The building has also shown itself to be structionally sound. As of this writing the building on the cover is 84 years old and there are no sways in the roof or walls even though it has had no maintenance since 1950. Most of the reason for this continued sturdiness was the substantial foundation and the well-braced roof trusses similar to those used in construction today rather than just using plain rafters.

The Department’s expectation that the school was to be built without incurring any indebtedness means that the trustees had to be both frugal and creative.  So rather than pouring a concrete foundation, the trustees utilized rocks, which were plentiful, held together by concrete for the foundation.  Building a traditional log school was out of the question since the trees in that area were not tall enough to yield logs of sufficient length.  The ingenuity of the builders was evident when they decided to use shorter logs in 8x10 panels for the walls separated by vertical logs.  When assembling these panels, they made sure the exterior walls were flat with no protruding logs so that in the future the walls could be sided with spruce lumber.  The walls were plastered externally and internally with a clay/straw mixture.  The inside logs were totally covered with plaster so that no logs protruded while the outside logs were plastered just to fill the joints. To save costs, kalsomine, a chalklike white substance made of lime, was used to paint the internal walls and ceiling while beaver board, a hardboard made of pressed paper painted black was used for blackboards.

Another stroke of ingenuity was to place the chimney at the opposite end of the school to the potbelly stove. This resulted in the stove pipes running the full length of the ceiling, thus maximizing the heat from the stove.

The government grants were sufficient to buy the lumber for the floor joists and flooring, the ceiling, the roof trusses, the doors and the window framing.  The lumber was usually donated by ratepayers or purchased from the mills in the Porcupine Forest Reserve, thereby avoiding the retail mark-up.  Although the amount of other construction grants are not known, the startup grant of $66.66 amounts to $1200.00 in today’s dollars, a fair amount of purchasing power.

The desks were made out of hand-planed two-inch planks.  The original builder of the desks, Ludwig Kattler, procrastinated to the point were the board passed a motion that John Sokolowski remove the lumber and materials from Mr. Kattler because he “has had same for the past six months and does not seem capable of finishing the work”(November 26, 1935). The desk materials were taken to Alf Mitchell and Wm. Joss who finished the job.

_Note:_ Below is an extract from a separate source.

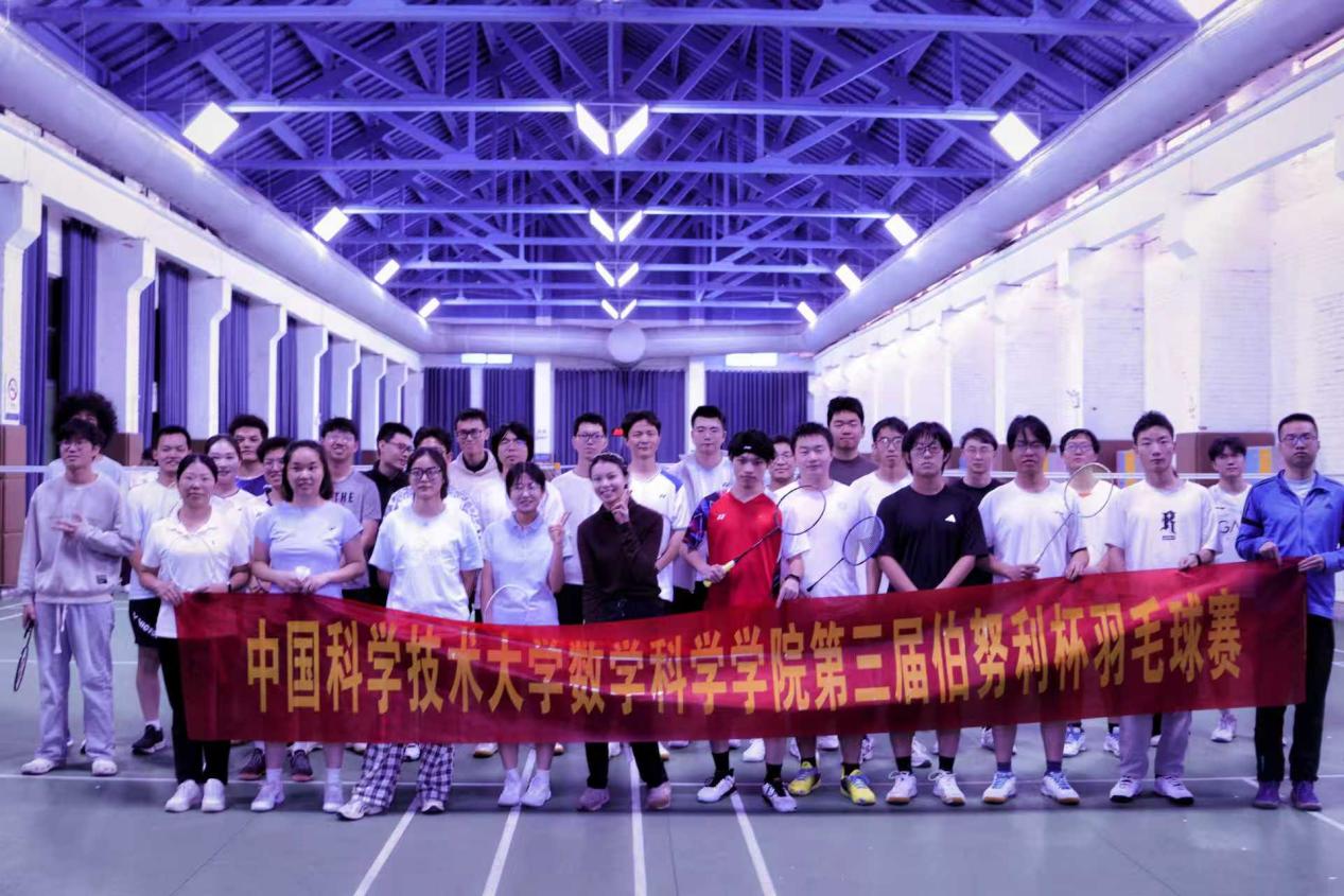 2025年11月22日下午两点至六点,中国科学技术大学数学科学学院在东区羽毛球馆成功举办了第三届“伯努利杯”羽毛球赛。本次活动由中国科学技术大学数学科学学院团委主办,中国科学技术大学数学科学学院研究生会与中国科学技术大学数学科学学院学生会共同承办。比赛旨在进一步丰富校园文化生活,促进学院同学之间的交流合作,同时为羽毛球爱好者提供展示风采的平台。本届赛事共设男子单打、女子单打、男子双打与混合双打四个项目,吸引了近四十余名老师和同学报名参赛,比赛现场气氛热烈,活力四射。

Construction was finished by early winter 1935, although there was a bit of a hold up in construction after some of the windows were stolen.  The board contacted R.N.W.M.P. (Royal North West Mounted Police) on November 26th, 1935, but were told by the constable just before Christmas ”nothing can be done until something more definitive turns up”, even though the residents had told the police that they suspected the installer.

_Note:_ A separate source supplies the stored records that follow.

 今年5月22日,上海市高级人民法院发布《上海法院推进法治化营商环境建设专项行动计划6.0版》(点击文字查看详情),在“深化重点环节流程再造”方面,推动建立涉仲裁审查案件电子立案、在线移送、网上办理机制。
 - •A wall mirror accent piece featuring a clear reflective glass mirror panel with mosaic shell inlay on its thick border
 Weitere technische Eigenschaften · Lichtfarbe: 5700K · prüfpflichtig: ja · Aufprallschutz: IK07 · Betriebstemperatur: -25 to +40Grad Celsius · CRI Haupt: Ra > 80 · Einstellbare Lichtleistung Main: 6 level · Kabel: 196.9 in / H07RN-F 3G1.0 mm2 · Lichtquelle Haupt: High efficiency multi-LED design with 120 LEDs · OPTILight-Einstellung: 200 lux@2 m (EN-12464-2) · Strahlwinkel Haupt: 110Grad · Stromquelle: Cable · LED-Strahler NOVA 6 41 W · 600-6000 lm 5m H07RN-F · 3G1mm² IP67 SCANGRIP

A teacher, Mrs. Helen Cook, was hired on February 27th at a salary of $350 for the school term with an advance for board and lodging.  While Mrs. Cook lived with Hemricks which was a mile away from the school, others choose to live with Kattlers about ¾ mile from the school or with Clarks, a stone’s throw from the school. The school opened on March 4th, 1935 since it was common practice for boards in those days to set the school year from March until the end of November thus missing the two coldest months of the year.  To facilitate the school opening Dad lent the school a table suitable for the teacher’s desk while Grandpa loaned a grandfather clock.

The sixteen students in the first Arden Leigh class were Joe and Cecile Bourget; Daisy, Peter, Louis and Margy Kattler; Dorothy, Lillian & Helen Mitchell, Ruth and June Sundberg: Elsie, Evelyn, Verna and Marie Gugins and Violet Oxford.